PCI passthru is a technique to preserve PCI slots at boot time and later on give these ressources to a (qemu) VM. Common usage is for VGA cards (then called “GPU passthru” often). But it is not limited to a GPU. I used it more extensive here . All is done on a Gentoo Linux with kernel-4.4.26 and qemu-2.8.0. I assume that some knowledge about qemu configuration and how to setup a standard VM is available.

Hardware

The most important thing is that the hardware MUST support IOMMU. Unfortunately it is not a common feature in consumer hardware as of today. I think I don't have to mention virtualization as a requirement separately. I used the following hardware:

Mainboard MSI C236M (Mini ATX) with chipset C236 (graphic, network, audio on-board)
Intel Xeon E3-1235L v5
Nvidia GeForce GT630 (GK208) as second graphic card (PCIe)
some secondary PCIe cards (not important here)

BIOS

At the BIOS level IOMMU and Virtualization (VT/x) have to be activated. The on-board graphic have to be initialized as primary device also. For sure - with an AMD CPU the related AMD features have to be used.

Configure the kernel

Some features have to be compiled into the kernel:

kvm support
iommu support
vfio-drivers
virtio drivers

I recommend to build the virtio drivers as modules. Unfortunately the features are in different submenus, e.g. the virtio-scsi driver is located under “SCSI low-level drivers” (alone). Rebuild the kernel if necessary, but don't reboot yet.

Verify IOMMU

To check if IOMMU is available put the following into a script (e.g. find-iommu-groups ):

for iommu_group in $(find /sys/kernel/iommu_groups/ -maxdepth 1 -mindepth 1 -type d);
  do echo "IOMMU group $(basename "$iommu_group")";
     for device in $(ls -1 "$iommu_group"/devices/);
         do echo -n $'\t'; lspci -nns "$device";
     done;
  done

Make it executable and run it.
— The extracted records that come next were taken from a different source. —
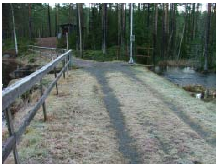
Dammen vid utloppet ur Stor Jangen.
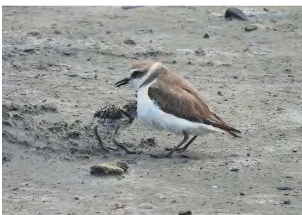
東方環頸鷸親鳥與幼鳥
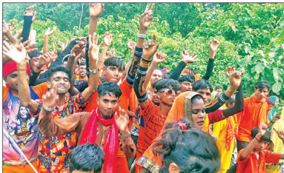
गोला गोकर्ण नाथ में शिव मंदिर में गंगाजल भरकर कांवड़ ले जाते श्रद्धालु।
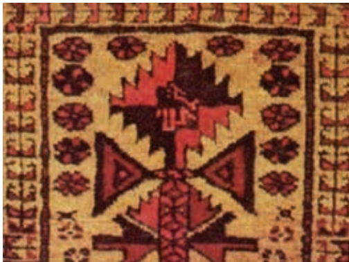
Ilustracija 11: Ibid., detalj – vrh centralnog stabla u kome je utkan izraz "Allāhu akbar"
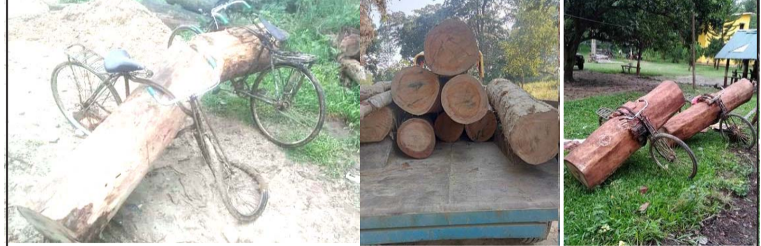
विभिन्न समयमा बरामद गरिएको सालको गोलिया ।

वन कार्यालय सोलखपुर, सबैया, बडनिहार, सखुनिया र छतवनटाँडी रेन्ज
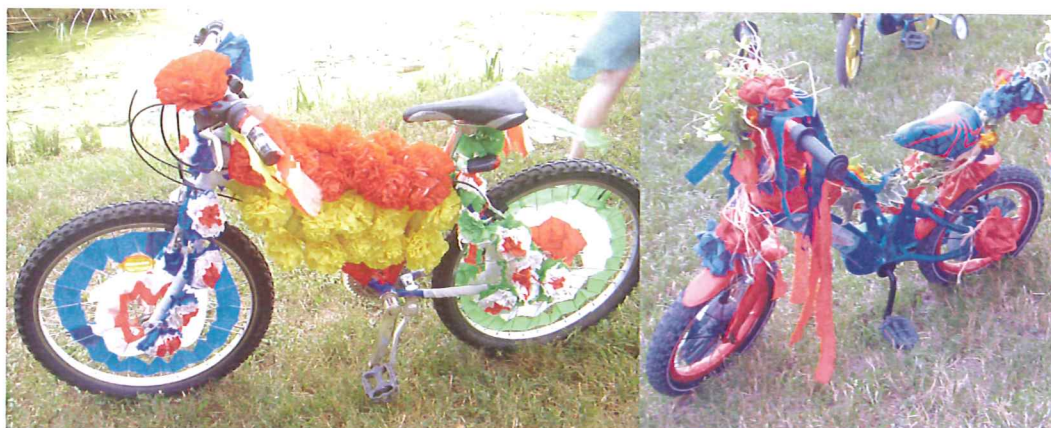
VELOS FLEURIS 14 JUILLET 2010
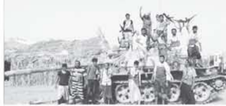
مقاتلون قبليون يقاتلون الحكومة اليمنية بالقرب من المدينة يوم 1 يونيو حزيران 2018
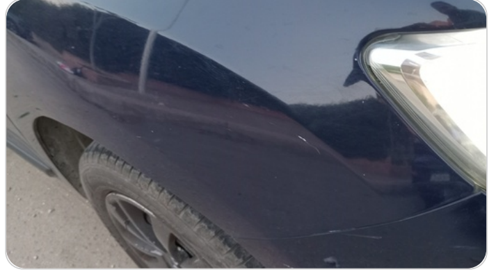
الرفرف الأمامي يمين : فبريكة (خرابيش)
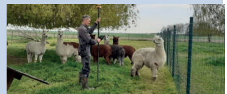
Het gevoel bekeken te worden

Bij het project hebben wij ook te maken met langs liggende en kruisende kabels en leidingen. Denk aan hoogspanningskabels, transportleidingen, distributieleidingen en telecommunicatiekabels. Hierover zijn inmiddels de eerste gesprekken gevoerd met de kabel- en leidingbeheerders en daarbij is nu vooral bekeken waar de belangrijkste kabels en leidingen liggen en wat met deze kabels en leidingen moet gebeuren. Kortom: wij staan niet stil en kijken vooral vooruit!
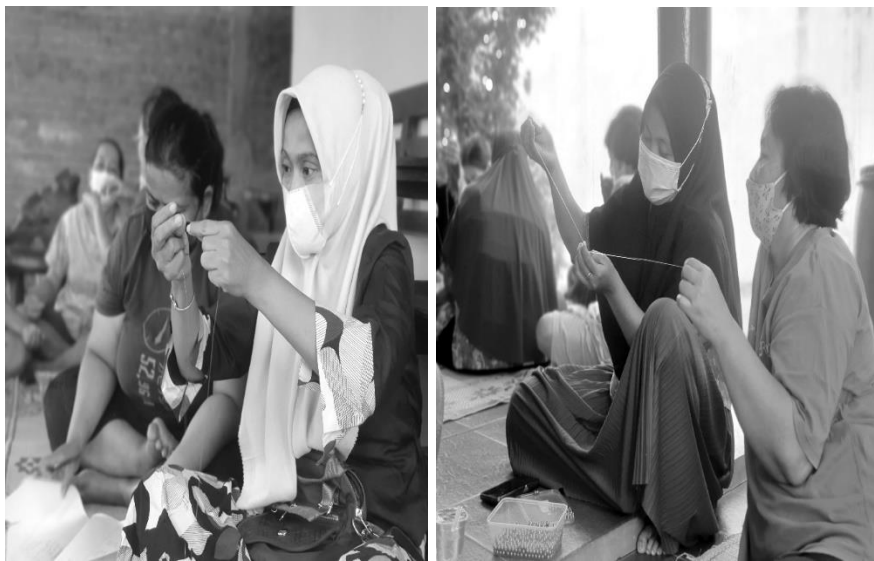
Gambar 5. Peserta praktik membuat hasta karya konektor masker
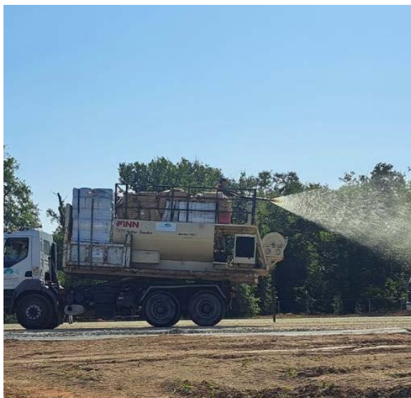
Ensemencement avec un "hydroseeder" qui pulvérise de façon homogène un mélange de semences sur les espaces.

La mise en œuvre des mesures compensatoires prévoit la création de prairies sur des terres agricoles initialement cultivées. Pour cela, l'équipe d'insertion paysagère ont réalisé au printemps la préparation des sols et les premiers ensemencements.
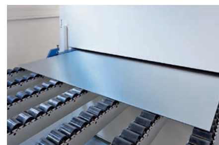
Lixagem a seco
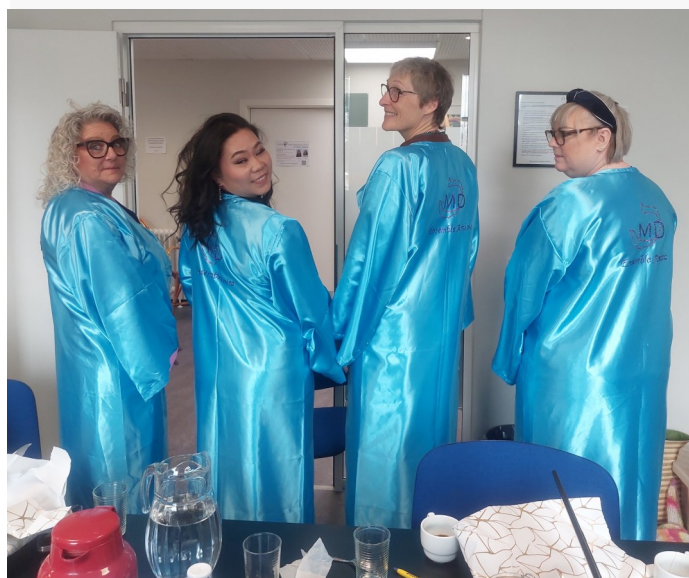
4 EA-piger med de nye kåber Til højre: jubilæumskagen og kåber til tørring

Med billederne fra fotosessionen og formandens beretning samlet her i bladet får vi mulighed for at genopleve dagen — og tage den med os ind i det kommende danseår.
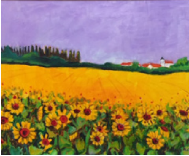
Création : Ilse Hughes

« Ce tableau évoque le soleil du sud-ouest de la France à la fin juin, la saison des tournesols. La culture du tournesol s'est répandue au cours des années, grâce au climat sec, puisque ces fleurs n'ont pas besoin d'irrigation. C'est aussi la saison de la lavande, l'emblème aromatique de la Provence, d'où mon ciel lavande », explique Ilse Hughes.
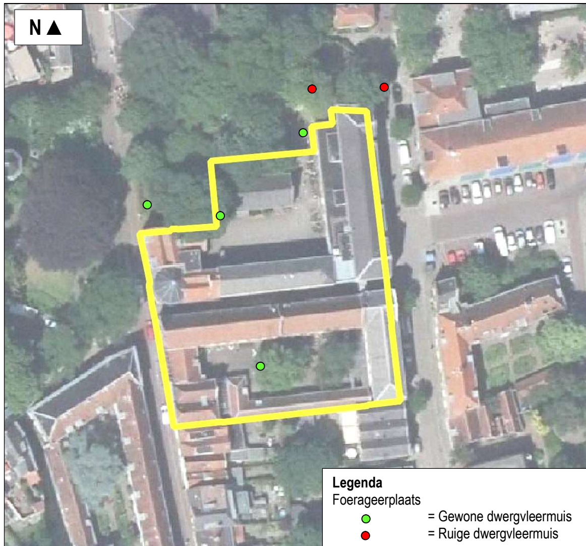
Figuur 3. Waarnemingen van vleermuizen in de voorherfst in en direct rond het onderzoeksgebied aan de het Weeshuis-complex te Gouda.

In de voorherfst zijn twee soort vleermuizen waargenomen (gewone en ruige dwergvleermuis). Deze soorten zijn (in lage dichtheid) foeragerend aangetroffen ter plaatse van en rond het Weeshuis-complex te Gouda. Er zijn geen balts- of paarplaatsen vastgesteld. In figuur 3 zijn de waarnemingen weergegeven.
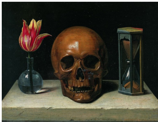
Philippe de Champaigne, Vanité, 1644
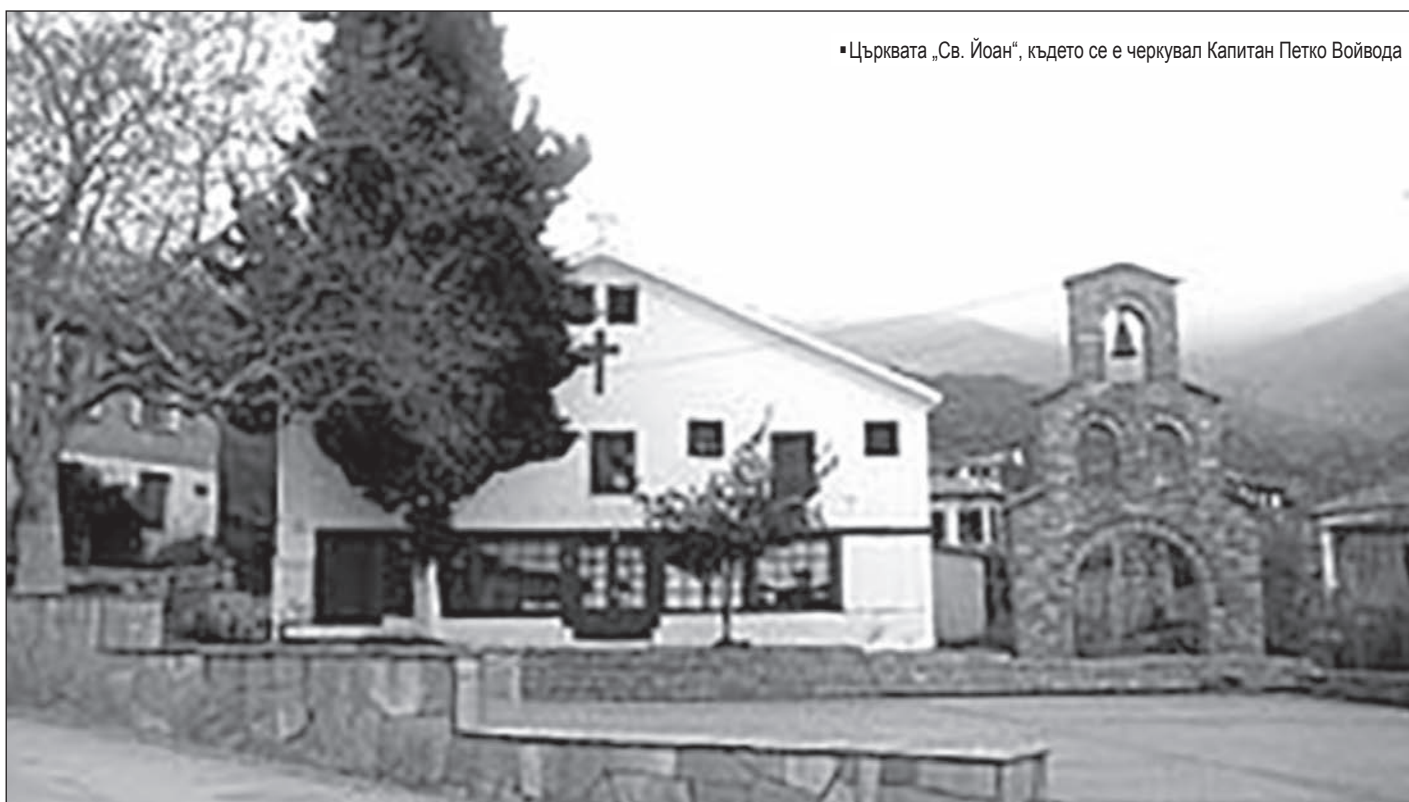
• Църквата „Св. Йоан“, където се е черкувал Капитан Петко Войвода
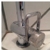
Reinigungsmittel pH-Wert <6,5 und >7,5
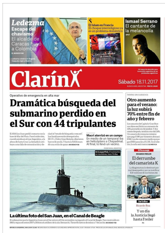
Figura 12: Tapa diario Clarín, sábado 18 de noviembre, del 2017.

La primera noticia sobre la aparición del submarino tanto en Clarín como en Página 12 fue el 18 de noviembre de 2017. El primero colocó la novedad en la portada de su edición matutina. Nos propone una lectura similar a la de días anteriores. Esta vez lo llamativo es que la noticia principal refiere a un hecho que no está ligado directamente con la política o los casos de corrupción. Vemos cómo un tema de interés general toma el protagonismo de la tapa del diario.
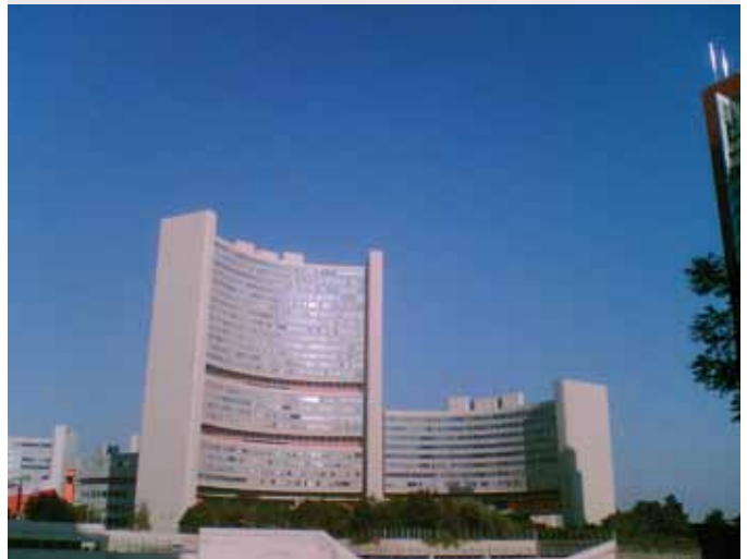
Det Internationale Atomagentskabs, IAEA's formål var og er at fremme den fredelige udnyttelse af atomkraften på verdensplan.
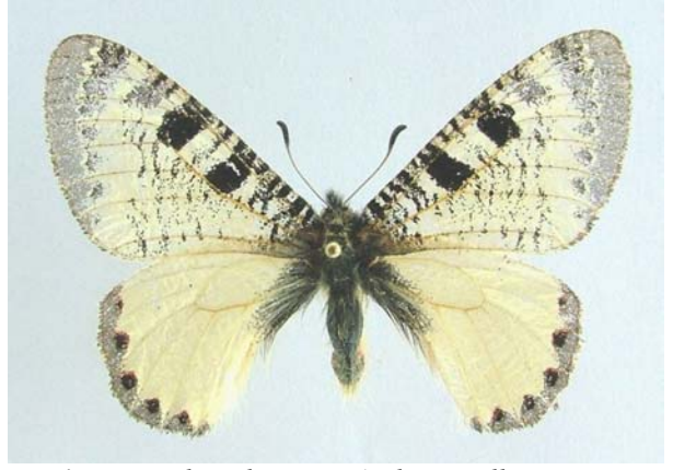
Familya: Papilionidae Tür: Archon apollinaris
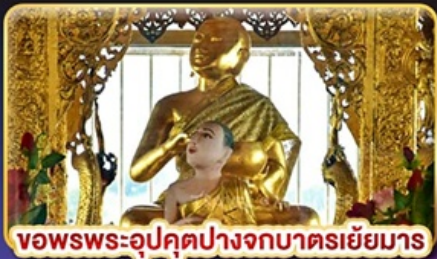
ขอพรพระอุปคุตปางจากบาตรเยี่ยมมาร
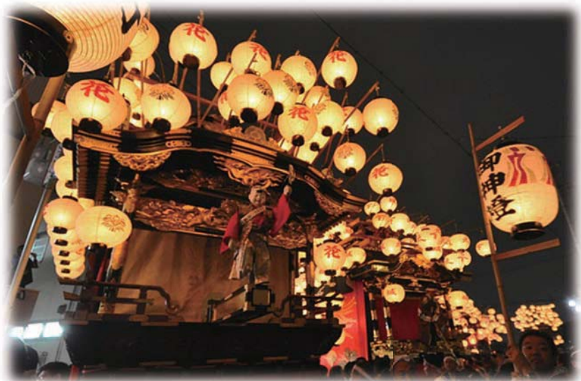
提灯も華麗に本町に並ぶ山車

鳴海のもっとも古い記録である『蓬東大記』には、馬の塔、傘鉾、踊りのほか、山車や釣り屋形などが記載されています。江戸時代のはじめまでは、表方、裏方という区別はなくひとつのお祭りを楽しんでいたようです。元禄のころ表方(鳴海八幡宮)、裏方(成海神社)がそれぞれお祭りをするようになったとされます。
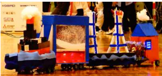
最新技術、地球環境をテーマにした作品（第5回大会）
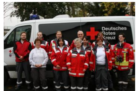
Gruppenbild bei einer Übung
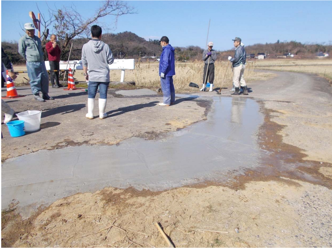
残りのコンクリートで橋の接続部分が陥没していた部分も修復です。
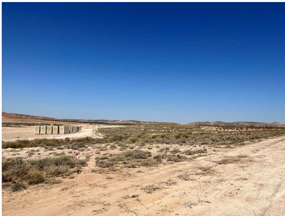
Figura 6 Balizado de la vegetación natural
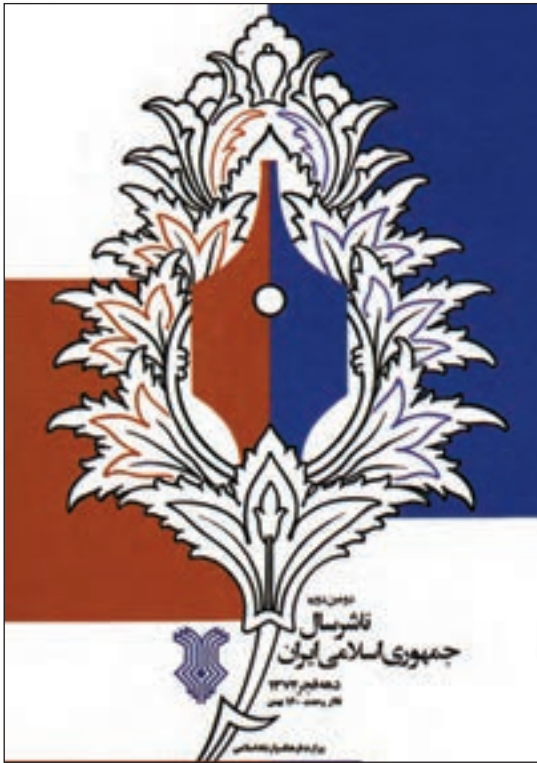
تعادل متقارن در اثر آقای مصطفی اسداللهی
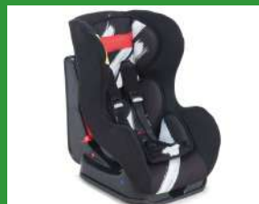
Автокресло группы I для детей массой 9-18 кг
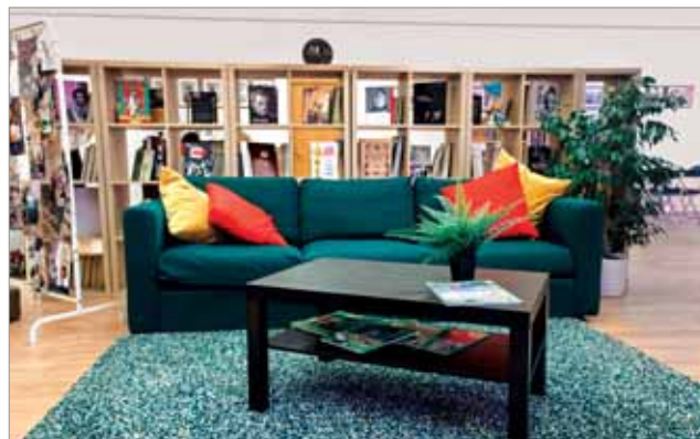
БИБЛИОТЕКА № 252 ПОСЛЕ ОБНОВЛЕНИЯ В РАМКАХ ПРОЕКТА «ТОЧКИ РОСТА»

ных мероприятий. В округе-спутнике легко строить бренды, которые берут за основу место силы — Зеленоград.
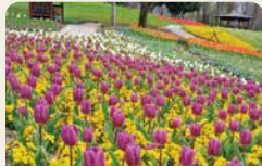
2 國營讚岐滿濃公園 可以享受各種體驗、體育活動的樂趣，還可在此露營休閒。

The output should be like this (shortened):

$ ./find-iommu-groups
IOMMU group 1
        00:01.0 PCI bridge [0604]: Intel Corporation Sky Lake PCIe Controller (x16) [8086:1901] (rev 07)
        01:00.0 VGA compatible controller [0300]: NVIDIA Corporation GK208 [GeForce GT 630 Rev. 2] [10de:1284] (rev a1)
        01:00.1 Audio device [0403]: NVIDIA Corporation GK208 HDMI/DP Audio Controller [10de:0e0f] (rev a1)
IOMMU group 2
        00:02.0 VGA compatible controller [0300]: Intel Corporation Device [8086:191d] (rev 06)
IOMMU group 3
        00:08.0 System peripheral [0880]: Intel Corporation Sky Lake Gaussian Mixture Model [8086:1911]
IOMMU group 4
...

First it shows that IOMMU is available. Second, the important group in our case is IOMMU group 1. It contains the hardware we want to separate. The Nvidia Audio device will not be used further here. But fore sure it could be used.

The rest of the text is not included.